• The problem: Lower down are entries containing pictures. Copy exactly, without those pictures, the lines from the line with "e vista mare" through the line with "These are four".

Top of Dataset records

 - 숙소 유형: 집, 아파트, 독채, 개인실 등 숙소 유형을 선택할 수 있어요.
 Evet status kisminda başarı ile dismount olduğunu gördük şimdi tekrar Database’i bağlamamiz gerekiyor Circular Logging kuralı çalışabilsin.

Bottom of Dataset records
Top of Dataset records

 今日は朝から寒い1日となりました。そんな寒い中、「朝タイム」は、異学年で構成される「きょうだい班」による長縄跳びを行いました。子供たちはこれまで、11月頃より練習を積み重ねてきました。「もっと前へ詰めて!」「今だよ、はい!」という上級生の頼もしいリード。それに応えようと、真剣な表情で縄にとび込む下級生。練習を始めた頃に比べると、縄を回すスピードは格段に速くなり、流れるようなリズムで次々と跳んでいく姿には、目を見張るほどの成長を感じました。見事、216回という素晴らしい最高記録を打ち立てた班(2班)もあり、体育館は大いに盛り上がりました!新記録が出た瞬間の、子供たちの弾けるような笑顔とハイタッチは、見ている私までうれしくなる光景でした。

Bottom of Dataset records
Top of Dataset records

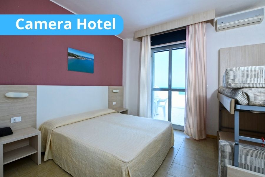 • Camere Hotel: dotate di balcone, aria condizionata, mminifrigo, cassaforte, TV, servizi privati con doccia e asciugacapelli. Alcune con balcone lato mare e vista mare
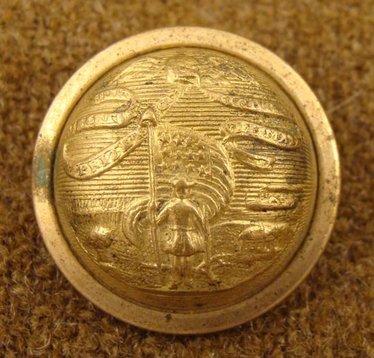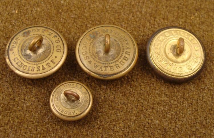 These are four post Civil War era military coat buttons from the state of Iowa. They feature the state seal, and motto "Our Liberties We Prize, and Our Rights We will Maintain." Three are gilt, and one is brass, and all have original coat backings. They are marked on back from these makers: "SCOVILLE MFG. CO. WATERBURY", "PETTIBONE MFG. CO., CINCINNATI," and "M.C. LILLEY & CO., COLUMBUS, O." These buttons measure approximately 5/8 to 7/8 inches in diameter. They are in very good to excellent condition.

Bottom of Dataset records

• Written response:
 • Camere Hotel: dotate di balcone, aria condizionata, mminifrigo, cassaforte, TV, servizi privati con doccia e asciugacapelli. Alcune con balcone lato mare e vista mare
 These are four post Civil War era military coat buttons from the state of Iowa. They feature the state seal, and motto "Our Liberties We Prize, and Our Rights We will Maintain." Three are gilt, and one is brass, and all have original coat backings. They are marked on back from these makers: "SCOVILLE MFG. CO. WATERBURY", "PETTIBONE MFG. CO., CINCINNATI," and "M.C. LILLEY & CO., COLUMBUS, O." These buttons measure approximately 5/8 to 7/8 inches in diameter. They are in very good to excellent condition.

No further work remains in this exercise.